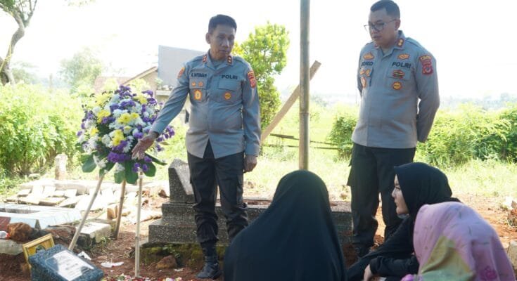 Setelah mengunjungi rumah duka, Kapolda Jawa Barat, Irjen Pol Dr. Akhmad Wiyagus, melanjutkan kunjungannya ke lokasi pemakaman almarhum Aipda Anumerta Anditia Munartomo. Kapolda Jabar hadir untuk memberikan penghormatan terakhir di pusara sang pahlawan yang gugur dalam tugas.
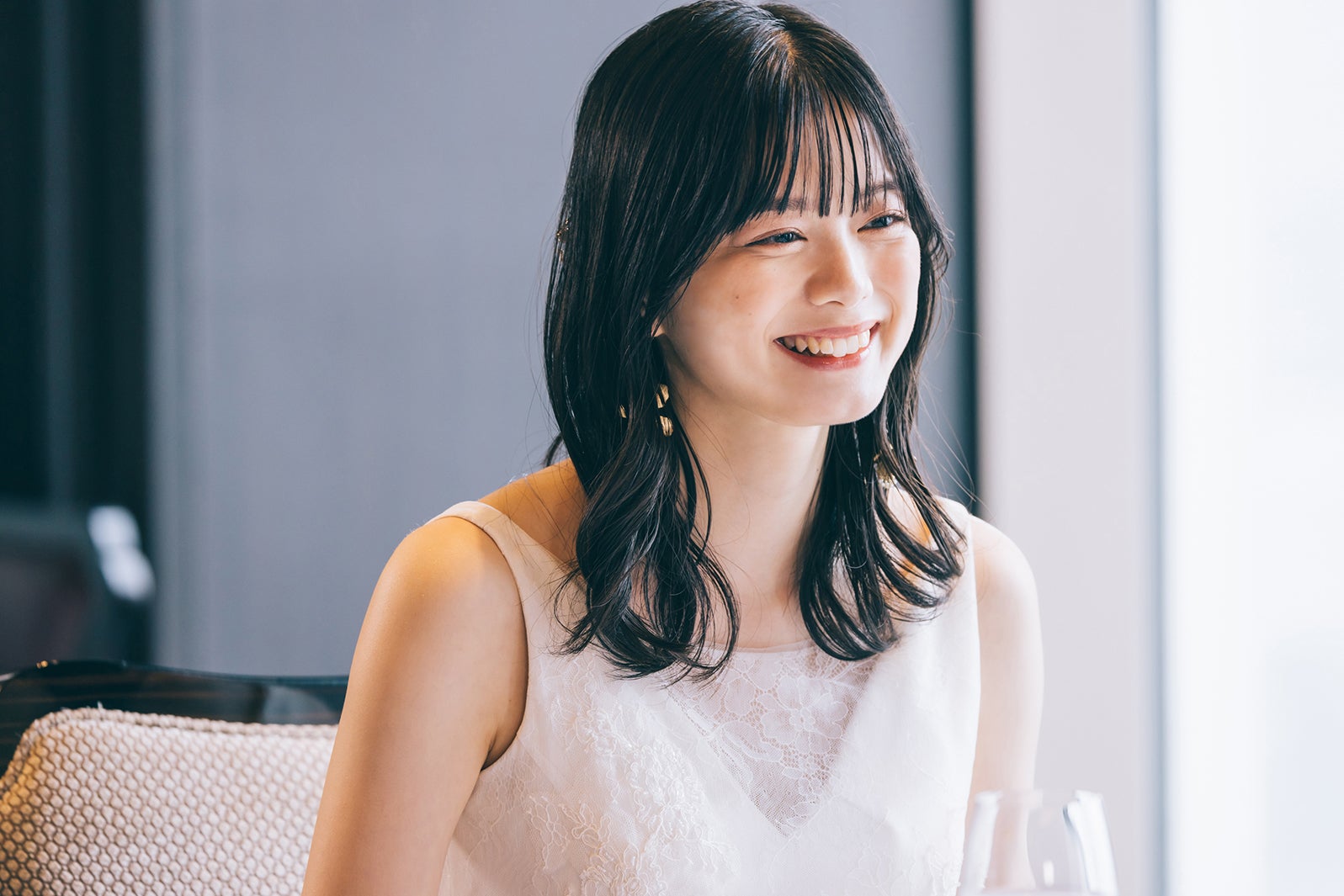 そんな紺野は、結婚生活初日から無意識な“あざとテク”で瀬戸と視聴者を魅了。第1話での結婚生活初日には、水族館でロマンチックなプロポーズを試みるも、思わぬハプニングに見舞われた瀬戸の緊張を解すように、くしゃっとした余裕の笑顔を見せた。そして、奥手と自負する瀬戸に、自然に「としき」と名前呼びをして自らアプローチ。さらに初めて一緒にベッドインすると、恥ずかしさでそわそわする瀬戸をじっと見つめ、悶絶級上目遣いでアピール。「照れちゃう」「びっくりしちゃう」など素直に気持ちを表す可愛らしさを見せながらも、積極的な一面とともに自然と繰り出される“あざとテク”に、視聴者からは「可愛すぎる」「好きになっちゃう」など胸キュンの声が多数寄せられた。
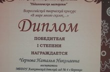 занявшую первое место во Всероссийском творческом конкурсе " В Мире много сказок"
━━━━━━
EXERCISE DETAILS: What this calls for is a word-for-word copy of the listing above, pictures excluded.

RESPONSE AREA:
 Setelah mengunjungi rumah duka, Kapolda Jawa Barat, Irjen Pol Dr. Akhmad Wiyagus, melanjutkan kunjungannya ke lokasi pemakaman almarhum Aipda Anumerta Anditia Munartomo. Kapolda Jabar hadir untuk memberikan penghormatan terakhir di pusara sang pahlawan yang gugur dalam tugas.
 そんな紺野は、結婚生活初日から無意識な“あざとテク”で瀬戸と視聴者を魅了。第1話での結婚生活初日には、水族館でロマンチックなプロポーズを試みるも、思わぬハプニングに見舞われた瀬戸の緊張を解すように、くしゃっとした余裕の笑顔を見せた。そして、奥手と自負する瀬戸に、自然に「としき」と名前呼びをして自らアプローチ。さらに初めて一緒にベッドインすると、恥ずかしさでそわそわする瀬戸をじっと見つめ、悶絶級上目遣いでアピール。「照れちゃう」「びっくりしちゃう」など素直に気持ちを表す可愛らしさを見せながらも、積極的な一面とともに自然と繰り出される“あざとテク”に、視聴者からは「可愛すぎる」「好きになっちゃう」など胸キュンの声が多数寄せられた。
 занявшую первое место во Всероссийском творческом конкурсе " В Мире много сказок"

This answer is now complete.